Sarah Peillon : « Nous ne pouvons plus travailler dans les conditions actuelles » !

Publié le 28/04/2022 - mis à jour le 28/04/2022 à 8H53
Droit, juge
Marta Sher/AdobeStock

Devant le manque de données sur la charge réelle de travail des juges d’instruction, l’Association française des magistrats instructeurs vient de réaliser une enquête sur ce thème. Le questionnaire envoyé aux juges d’instruction français durant l’été 2021 a connu un taux de réponses de 50 %, montrant le besoin d’une profession discrète de s’exprimer sur la dégradation de ses conditions de travail. Sarah Peillon, secrétaire générale de l’AFMI, est revenue sur l’impact de l’augmentation de la charge de travail, tant sur la qualité du travail rendu que sur le sentiment de désespoir des justiciables qui voient les délais d’instruction augmenter.
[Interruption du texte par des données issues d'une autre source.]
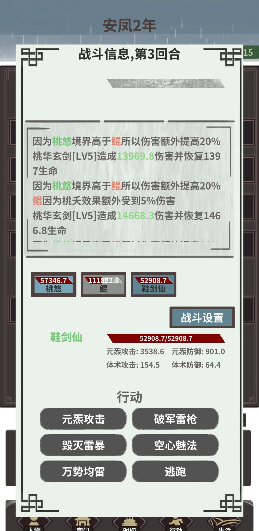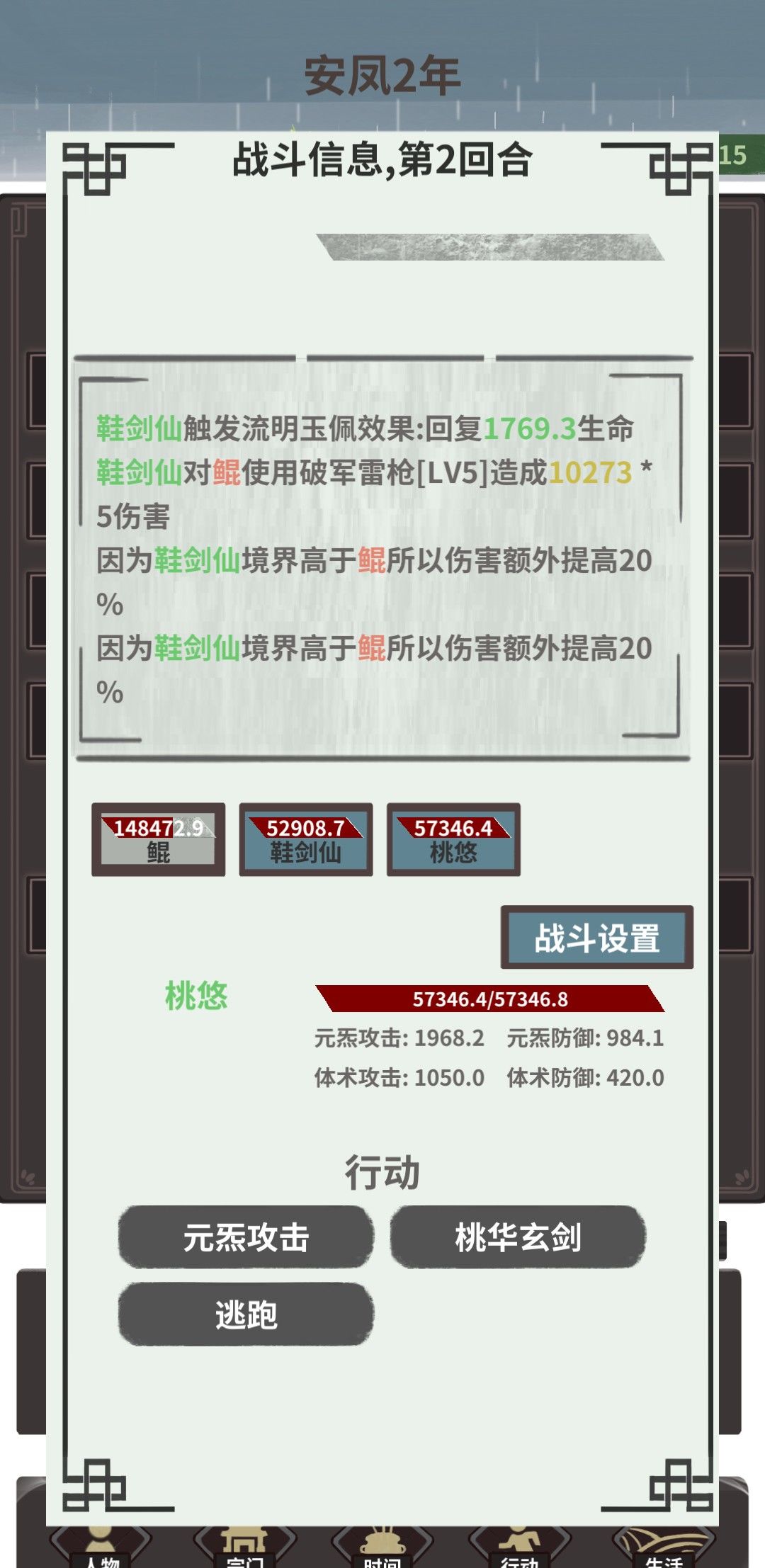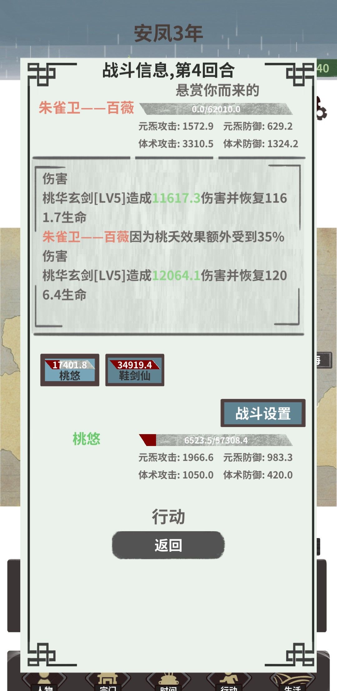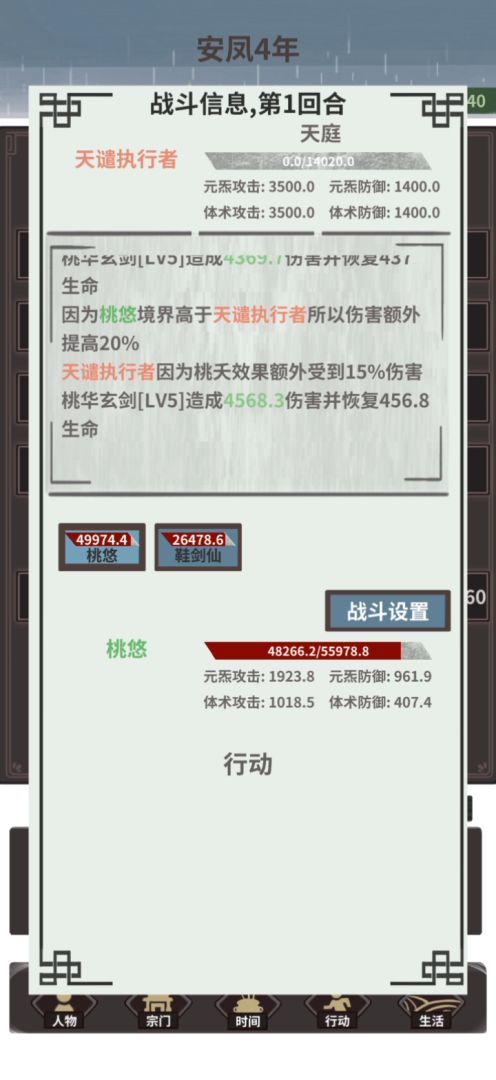 打最强四象朱雀,四回合解决,建议提前准备一两个挡刀工具人,或者净源丹打完给桃悠治疗伤势,因为雷枪打朱雀属性弱势,主要靠桃妖输出,当然,属性比我高些应该就更好打了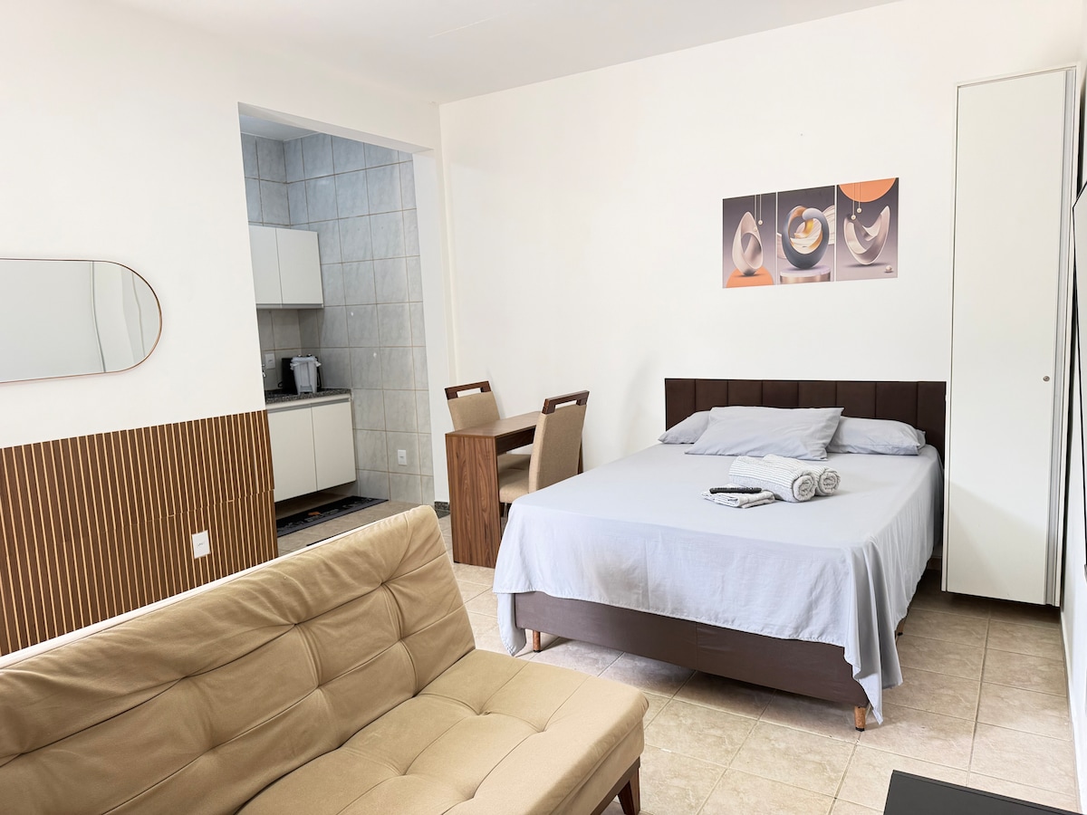 Studio privativo - NÃO é compartilhado, ideal para casais, viajantes solo ou família. Conta com: • Cama de casal e Sofá cama • Roupa de cama limpa & toalhas • TV Smart com acesso a aplicativos de streaming • 1 Vaga • Ar Condicionado A cozinha possui: • Frigobar, armários + utensílios básicos, microondas, cafeteira, airfryer & bebedouro. Além disso, contém banheiro privativo com chuveiro. Ambiente tranquilo, funcional e com excelente custo-benefício para estadias curtas ou longas.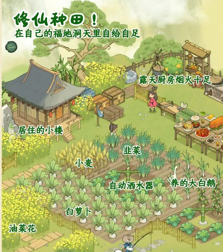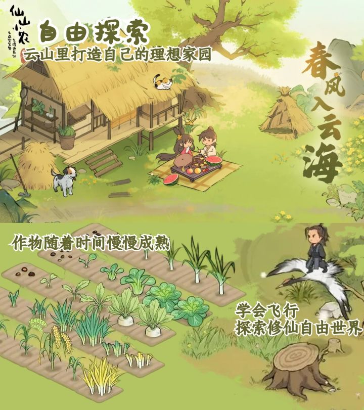 师尊:徒儿最近修为如何?我:今儿又多垦了6块地,养的4只老母鸡开始下蛋了,明天韭菜成熟了割完给师尊您包饺砸!师尊:?游戏名《仙山小农》,玩家作为新入门的修仙弟子,才入宗门,就发现一片狼藉的山头,在师姐的指引下,需要不断修缮设备,开垦土地,种田养殖,最终把自己的小山打造成繁荣安宁的福地洞天——等等!!?我们不是来修仙的吗??游戏的亮点正是巧妙结合了种田玩法和修仙题材,种田的同时,你也需要增长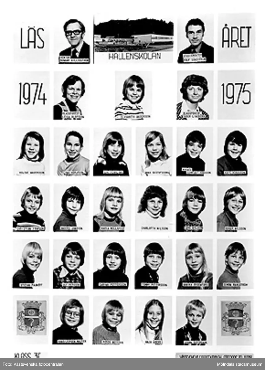 En bildkarta med skolfoton på klass 3E i Hallenskolan, läsåret 1974/1975. Bildkartan är uppklistrad på ett fotoark i en pärm (MM23916) från Brattås rektorsområde, tillsammans med andra skolfoton MMF2004_1484-1522.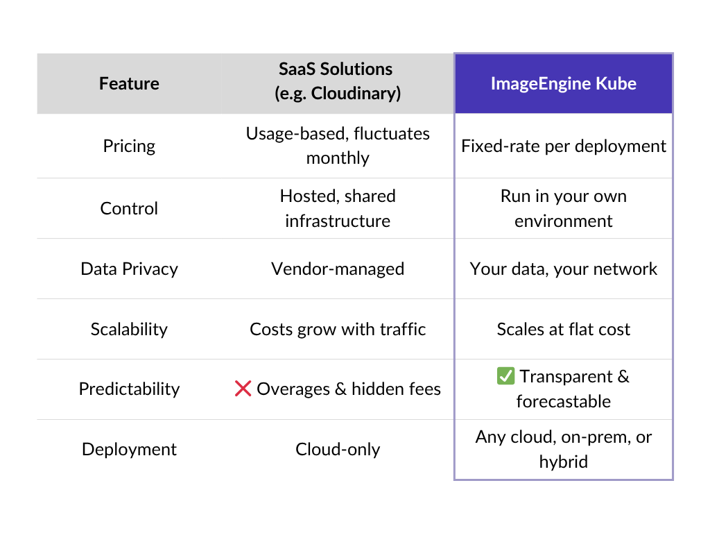 Same advanced image optimization—without the SaaS volatility.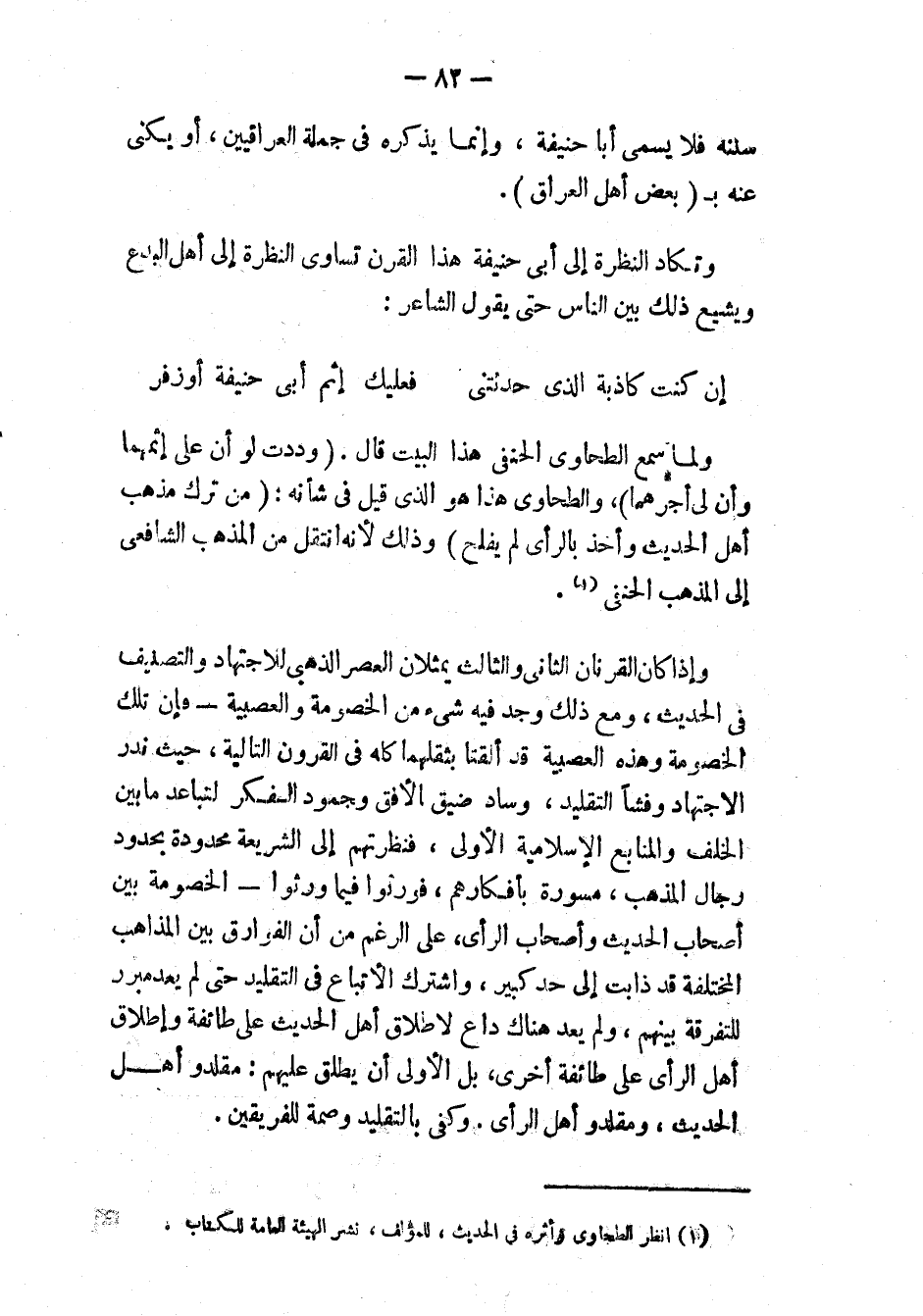 وتكاد النظرة إلى أبي حنيفة هذا القرن تساوي النظرة إلى أهل البدع ويشيع ذلك بين الناس حتى يقول الشاعر: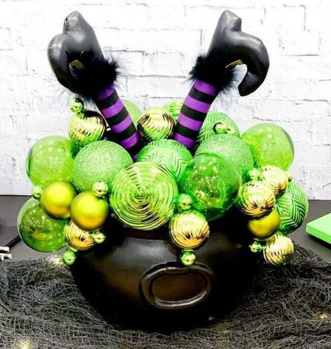Witch legs peeking dramatically from a black cauldron create a whimsical scene that makes people smile.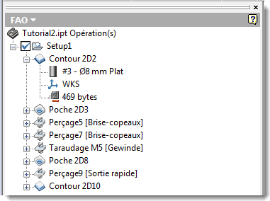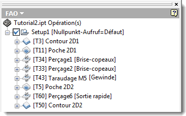 Le navigateur FAO est l'espace réservé à toutes vos trajectoires d'outil. Toutes les trajectoires d'outil sont organisées dans des dossiers de configuration qui en décrivent la configuration physique (par exemple, le système de coordonnées). Un programme complet est composé d'au moins une opération qui contient la trajectoire d'outil générée réelle (informations d'emplacement de l'outil). Pour des configurations plus complexes, il peut être utile d'organiser les opérations en sous-dossiers.

Actu-juridique : Les juges d’instruction sont plutôt discrets. Il est rare de les entendre se plaindre de leurs conditions de travail. Est-ce propre à l’essence même de leur métier ?

Sarah Peillon : De manière générale, l’ensemble des magistrats n’a pas tendance à s’exprimer dans les médias, et les juges d’instruction sont d’autant plus concernés par ce « devoir de réserve » que cela fait partie de leurs fonctions, compte tenu du secret de l’instruction. Mais notre expression dans l’enquête sur la charge de travail ne relève pas de ce secret, puisque nous ne sommes pas dans le cadre d’un dossier. L’objectif est de pouvoir nous exprimer sur nos conditions de travail. Nous avons tout à fait le droit de le faire. Cela nous apparaît important que ces problématiques soient connues de l’opinion publique.

AJ : Votre enquête traduit un besoin criant de parler de vos conditions de travail. En réalité, il n’y avait quasiment pas de chiffres sur la réalité de votre quotidien de juge d’instruction. Comment est-ce possible ?

Sarah Peillon : Depuis des années, nous militons pour obtenir des chiffres actualisés, parce que les seuls chiffres qui existaient jusqu’à présent sur l’état de la charge de travail des juges d’instruction, n’étaient en réalité pas « officiels » : ils relevaient d’un rapport d’étape rendu par un groupe de travail en 2014, mais ce rapport n’a pas été finalisé.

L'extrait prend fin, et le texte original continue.